Offshoring forestry and downstream processing is the by-product of supporting bills like this. They don't care. They really don't care where we get our paper and timber from or what happens to the environment over the horizon, as long as their political games are played to the best advantage possible. That's the problem. This is the same party whose leader famously spoke back in 1981 in opposition to renewable energy. Dams in Tasmania produce 100 per cent green energy which is now the envy of the nation as we transition out of coal and gas. Bob Brown, former senator and head of the Bob Brown Foundation said that coal-fired power was the best option. He doesn't believe that anymore, but it does rather prove the point around the arguments that Mr Brown and others in the green movement use.
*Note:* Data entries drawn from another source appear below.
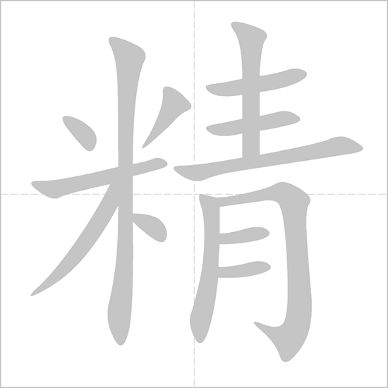 - 精 (jīng): This character originally depicted refined rice (米) with three shining dots (representing purity or essence) above it. It conveys the idea of something refined, purified, or essential. Over time, its meaning expanded to encompass “essence,” “vitality,” “semen,” and “skillful.”
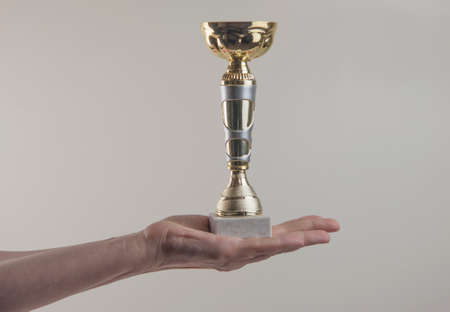 Hand holding up a gold trophy cup as a winner in a competition
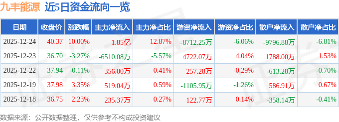 证券之星消息,截至2025年12月24日收盘,九丰能源(605090)报收于40.37元,上涨10.0%,涨停,换手率5.28%,成交量36.64万手,成交额14.39亿元。
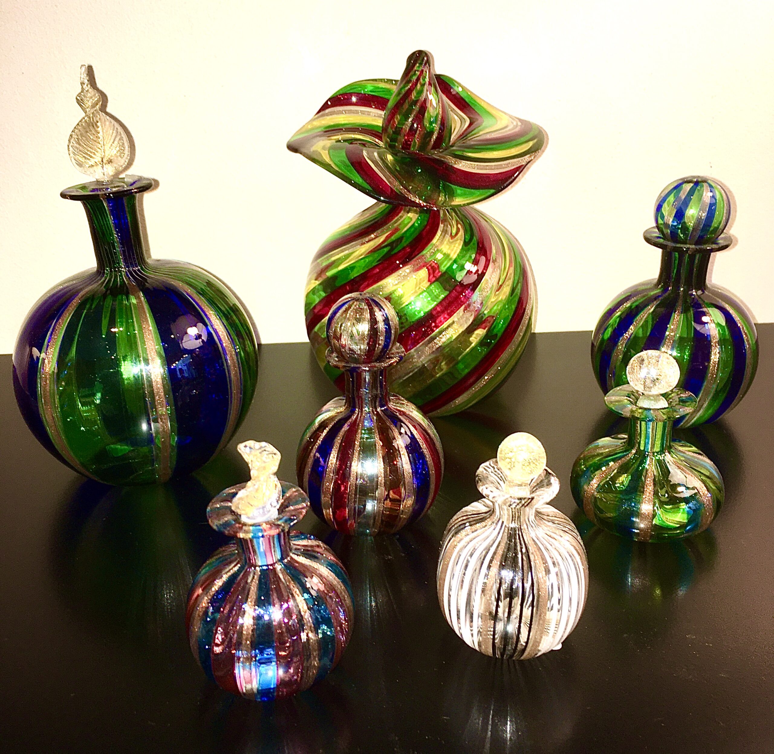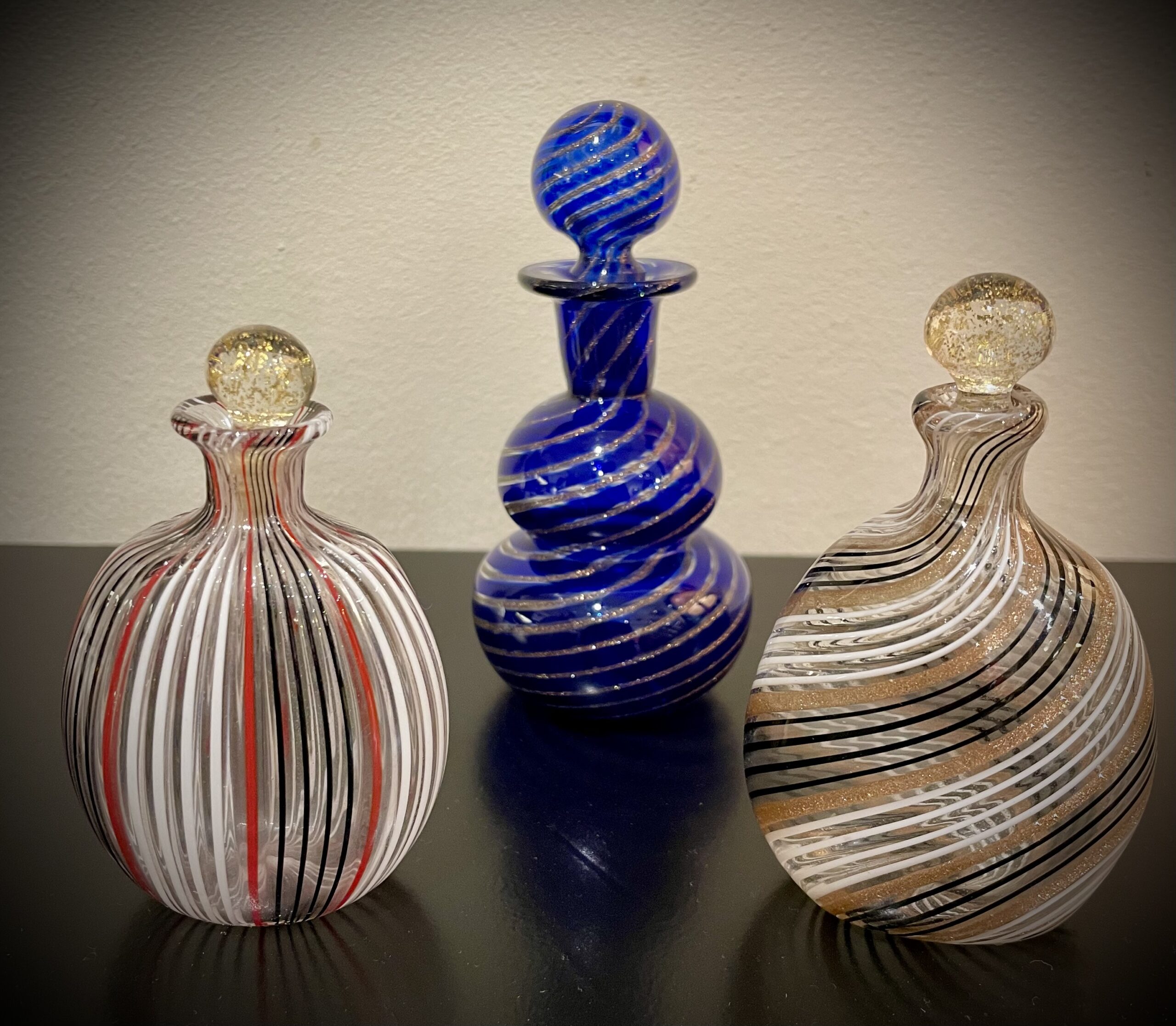 Murano perfume flasks, glassware, circa 1960
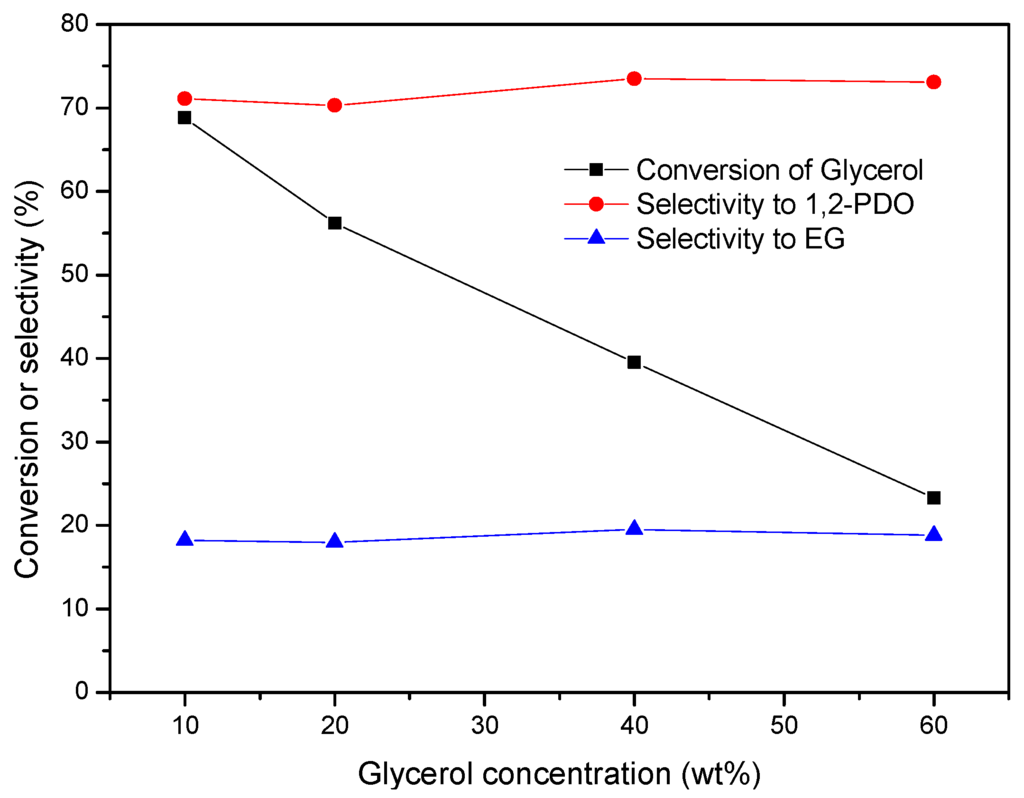 As we know, glycerol is a liquid with high viscosity. Overhigh concentration of glycerol will cause substrate diffusion problems because of the mass transfer limitation [21]. The effect of glycerol concentration on the catalytic performance of Ru-Co/ZrO2 is presented in Figure 8. As the glycerol concentration increased, the conversion of glycerol decreased. This changing tendency is easy to understand: the substrate amount increases with increasing glycerol concentration, while the available number of catalytic sites (i.e., the amount of catalyst) is constant. Interestingly, the selectivities to 1,2-PDO and EG were almost unchanged with the change in glycerol concentration, which is in accord with previous findings over monometallic Ru [37,38] and Co [14] catalysts.

They deploy at a point in time something they think is part of the zeitgeist—popular. They tap into an emotive stream in the community to get a political outcome. That political outcome, can I tell you, Acting Deputy President Sterle, is immensely destructive. It's bad for the environment, as we've just demonstrated clearly. It's bad for the economy. It's bad for climate change. There is no common sense, there is no human decency and there is no scientific basis to what they're proposing here. I implore all senators to vote against this disastrous bill.